Positive future for health information exchange on the way?

Posted by Crystal Parks on Jul 10, 2013 8:17:00 AM

   

Even with the increased adoption and meaningful use of EHR technologies, current attempts at healthcare reform will not avoid history repeating itself unless the EHR adopters participate in health information exchange (HIE). Otherwise, it is simply the condition of adding new solutions to those that came before them.

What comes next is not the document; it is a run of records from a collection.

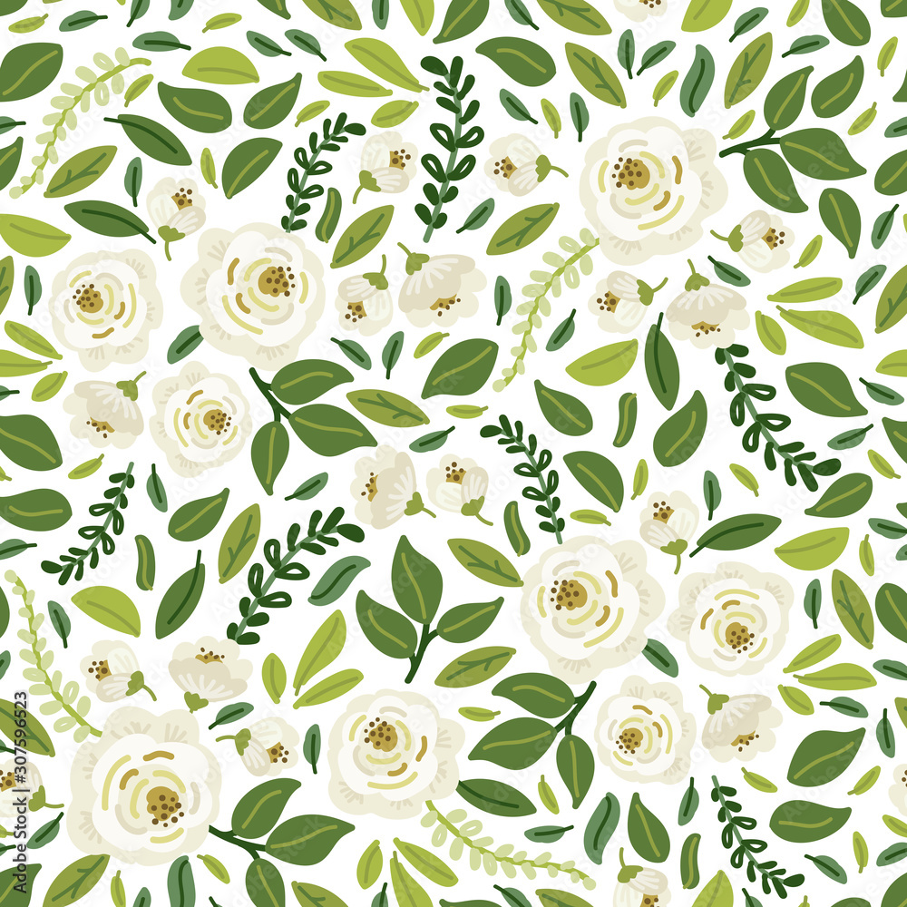 Fotografie Cute botanical floral seamless pattern background with bouquets of hand drawn ru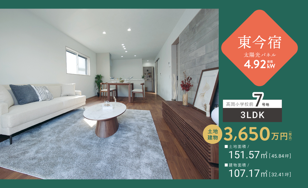 【高岡小学校前】●所在地/姫路市東今宿6丁目●交通/JR姫新線「播磨高岡駅」徒歩12分、神姫バス「今宿」停徒歩9分●団地設備/電気(関西電力)、水道(公営)、排水(汚水・雑排水=公共下水、雨水=道路側溝へ放流)●団地総面積・総区画数1,323.61㎡・9区画●私道負担なし●地目/宅地●用途地域/第一種中高層住居専用地●建ぺい率/60%●容積率/200%●造成工事/完了済み●手付金等の保証機関/株式会社広島銀行●取引態様/売主●分譲住宅販売戸数/3戸(7号地モデルハウス)●構造/木造2階一戸建住宅(ガルバリウム葺/現場打ち鉄筋コンクリートベタ基礎/電化住宅)●建物設備/境界ブロック・フェンス(道路面除く)、Low-E複層ガラス、TVインターホン、洗面化粧台、ユニットバス、システムキッチン、3カ所給湯設備(台所、洗面、浴室)、フローリング床(廊下、洋室、リビング、ダイニング)、各居室コンセント、ACコンセント、TVコンセント、電話用空配管、防腐・防蟻工事他●7号地:3,650万円(税込/3LDK/延床面積107.17㎡/土地面積151.57㎡/2024年11月完成済)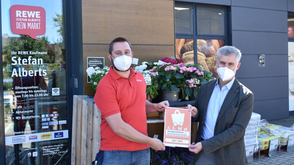 Das bundesweit vom Handelsverband HDE getragene Siegel bescheinigt den beiden REWE-Märkten in Harsewinkel, dass sie in puncto Servicequalität, Produktauswahl und Beratung die Anforderungen von Kunden aller Generationen vorbildlich erfüllen und so den demografischen Wandel aktiv gestalten. Es wird attestiert, dass Stefan Alberts Kunden aller Altersgruppen – seien es Familien, Singles oder Menschen mit Handicap – in seinen Märkten ein komfortables und vor allem möglichst barrierearmes Einkaufen ermöglicht. Das Qualitätszeichen für generationenfreundliches Einkaufen wird seit 2010 vergeben und alle Einzelhandelsunternehmen, die sich zertifizieren lassen, werden von Prüfern des Handelsverbandes vor Ort besucht und entsprechend der insgesamt 63 Qualitätskriterien, von denen 18 auf jeden Fall positiv bewertet werden müssen, geprüft. Die Kriterien beziehen sich unter anderem auf Leistungsangebote, Zugangsmöglichkeiten, Ausstattung der Geschäftsräume oder das Serviceverhalten. Für die Zertifizierung in Ostwestfalen-Lippe ist der Handelsverband OWL zuständig.

Recent developments in healthcare and health IT are beginning to inspire confidence that HIE is trending in the right direction. Earlier in the year at HIMSS13 came the announcement of the CommonWell Health Alliance aimed atincreasing EHR interoperability and data liquidity, and more recently came word that Healtheway, the operator of the eHealth Exchange (née NwHIN Exchange), had named its nine founding members and intentions to make ubiquitous HIE a reality.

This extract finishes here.